** The task **
Exactly reproduce the lines from the one holding "Figura 8: Doações" through the end of the records, including both boundary lines but no pictures.

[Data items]
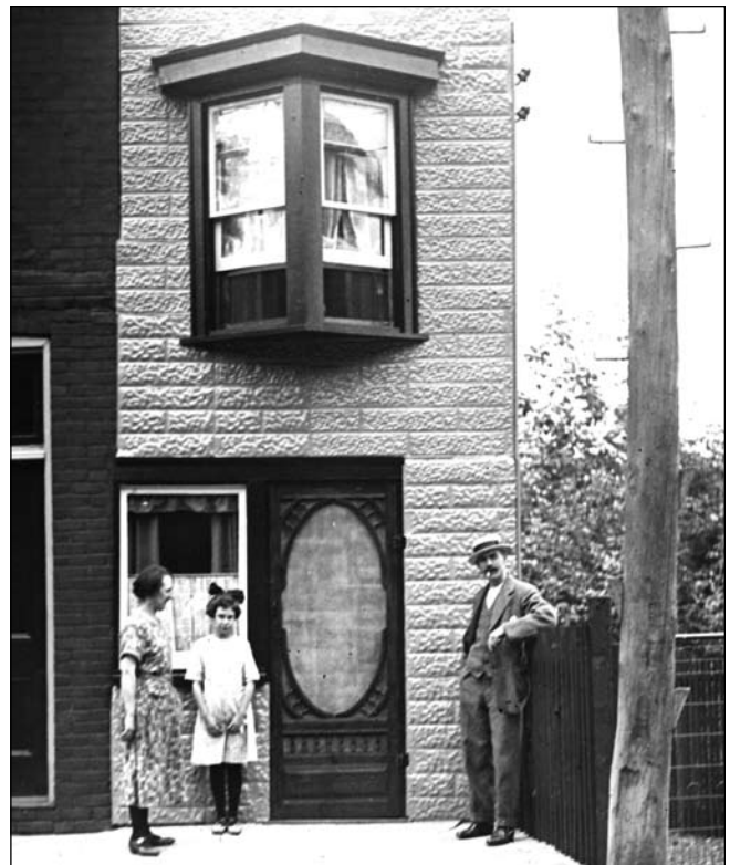
"La casa più piccola", 1913 circa, foto William James (dalla raccolta della famiglia). Raccolta 1244, articolo 82.14

Recarsi all'ente City of Toronto Archives con i mezzi pubblici è facile: basta uscire dalla stazione della metropolitana di Dupont, lungo la linea di University, e camminare in direzione nord.
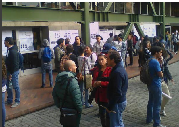
Presentación de proyectos colaborativos 2014-1

De igual forma tendrán cabida estudiantes que tengan el propósito de realizar su práctica internacional en alguna empresa del exterior que sea avalada por el programa y en donde puedan prestar servicio de apoyo docente o ser asesorados como aprendices de dicha institución. Es de aclarar que para este caso la universidad y el programa apoyan los vínculos con las instituciones y su gestión correspondiente pero no contempla apoyos o subvenciones económicas. Paralelamente los estudiantes de la práctica internacional presentan informes de su gestión y se les hace seguimiento bajo la dirección de un profesor de tiempo completo.
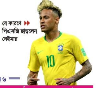
যে কারণে পিএসজি ছাড়লেন নেইমার
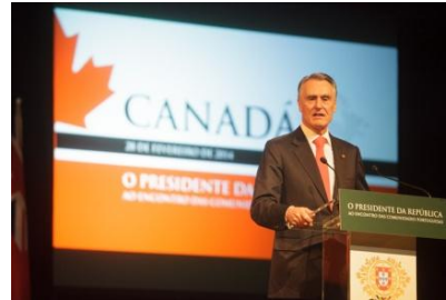
(ポルトガル人コミュニティ会合で演説するカヴァコ・シルヴァ大統領)

1950 年代からであり、これまで同国最大規模の外国人コミュニティの一つとして、活躍していると述べた。更に、ポルトガル人の海外移住は真の戦略的資産であり、定住国においてポルトガルの使節となるべきであると述べた、そして、信頼可能でダイナミックな国としてのポルトガルのイメージを確立させるよう期待している旨付言した。
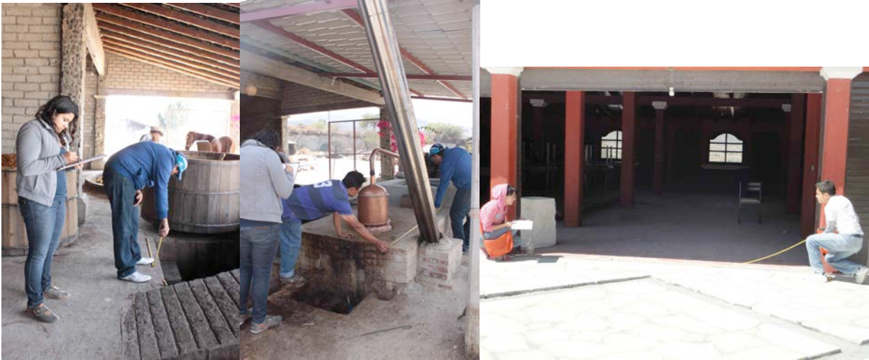
Fotografías 10, 11 y 12. PASC/2013. Alumnos realizando levantamiento arquitectónico de los palenques.
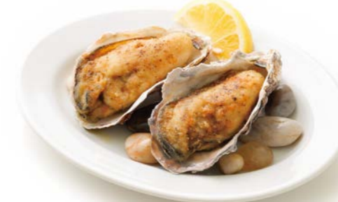
Butter Sauteed Oyster 牡蠣のバターソテー 2ピース¥780(税込¥858)

Hot Oyster Platter 〈 Butter Sauteed Oyster/ Garlic butter Sauce and Herb Bread Crumbs/ Breaded Oyster〉
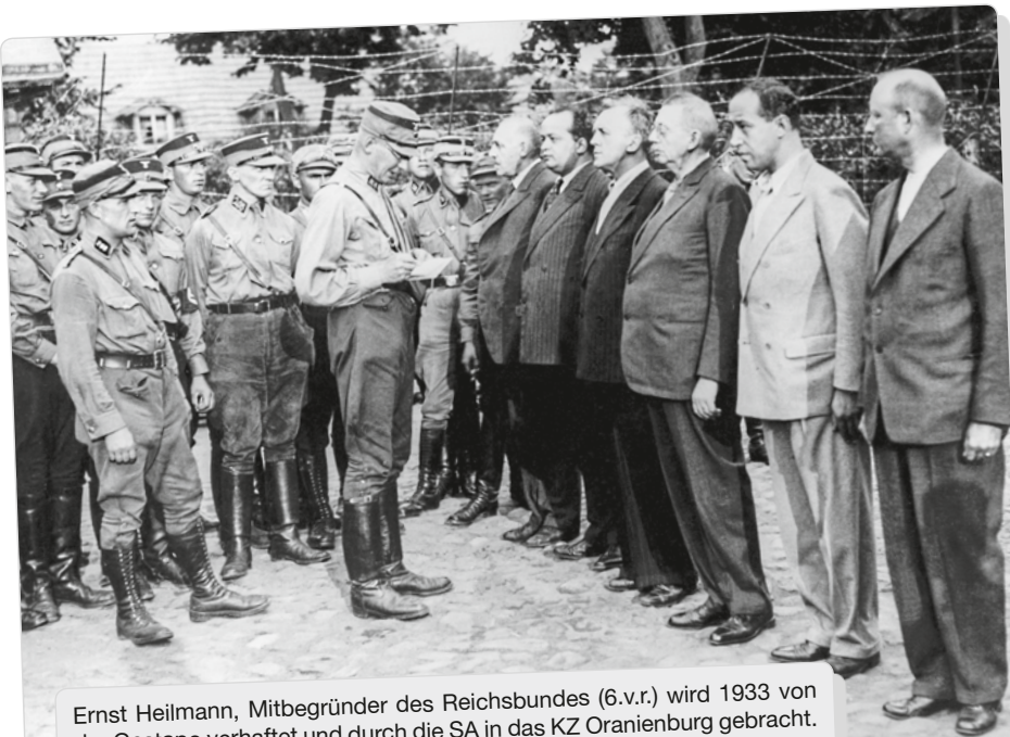
Ernst Heilmann, Mitbegründer des Reichsbundes (6.v.r.) wird 1933 von der Gestapo verhaftet und durch die SA in das KZ Oranienburg gebracht.
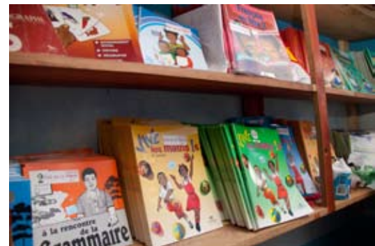
Distribution de livres
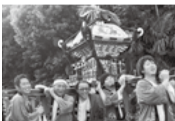
▲仁良の熊野神社(7月25日)
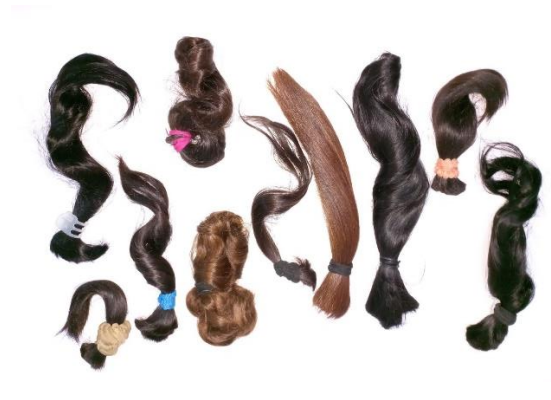
Figura 8: Doações entregues para produção de perucas para mulheres de baixa renda que se encontram em tratamento oncológico.
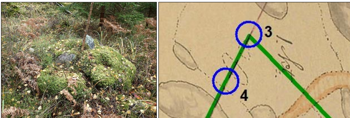
Vasemmalla maastossa oleva rajamerkki, oikealla ote vuosien 1776–1801 kartasta.
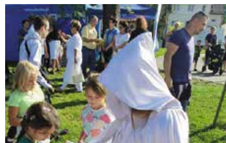
W Krainie Legend Chęcińskich
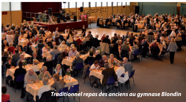
Traditionnel repas des anciens au gymnase Blondin

CONTACT CCAS : MISSIONINTERG@MAIRIE-ORSAY.FR
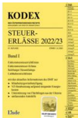
KODEX Steuer-Erlässe 2022/23, Band I Ladenpreis: 61,00 EUR
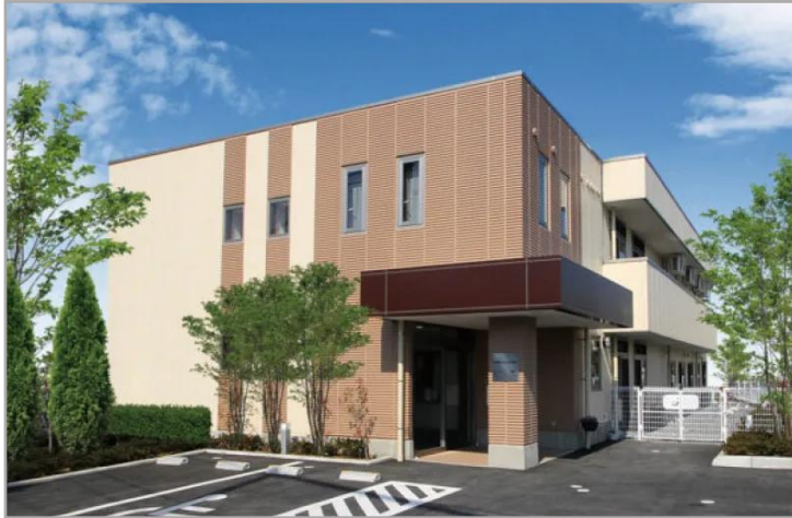
【花物語せたがや南の外観】
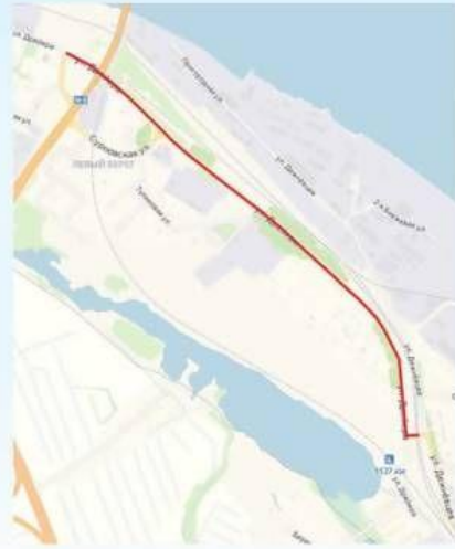
ул. Дрейера от дома №6 по ул. Дрейера до ул. Дежневцев

** Response area **
Figura 8: Doações entregues para produção de perucas para mulheres de baixa renda que se encontram em tratamento oncológico.
Vasemmalla maastossa oleva rajamerkki, oikealla ote vuosien 1776–1801 kartasta.
W Krainie Legend Chęcińskich
Traditionnel repas des anciens au gymnase Blondin

CONTACT CCAS : MISSIONINTERG@MAIRIE-ORSAY.FR
KODEX Steuer-Erlässe 2022/23, Band I Ladenpreis: 61,00 EUR
【花物語せたがや南の外観】
ул. Дрейера от дома №6 по ул. Дрейера до ул. Дежневцев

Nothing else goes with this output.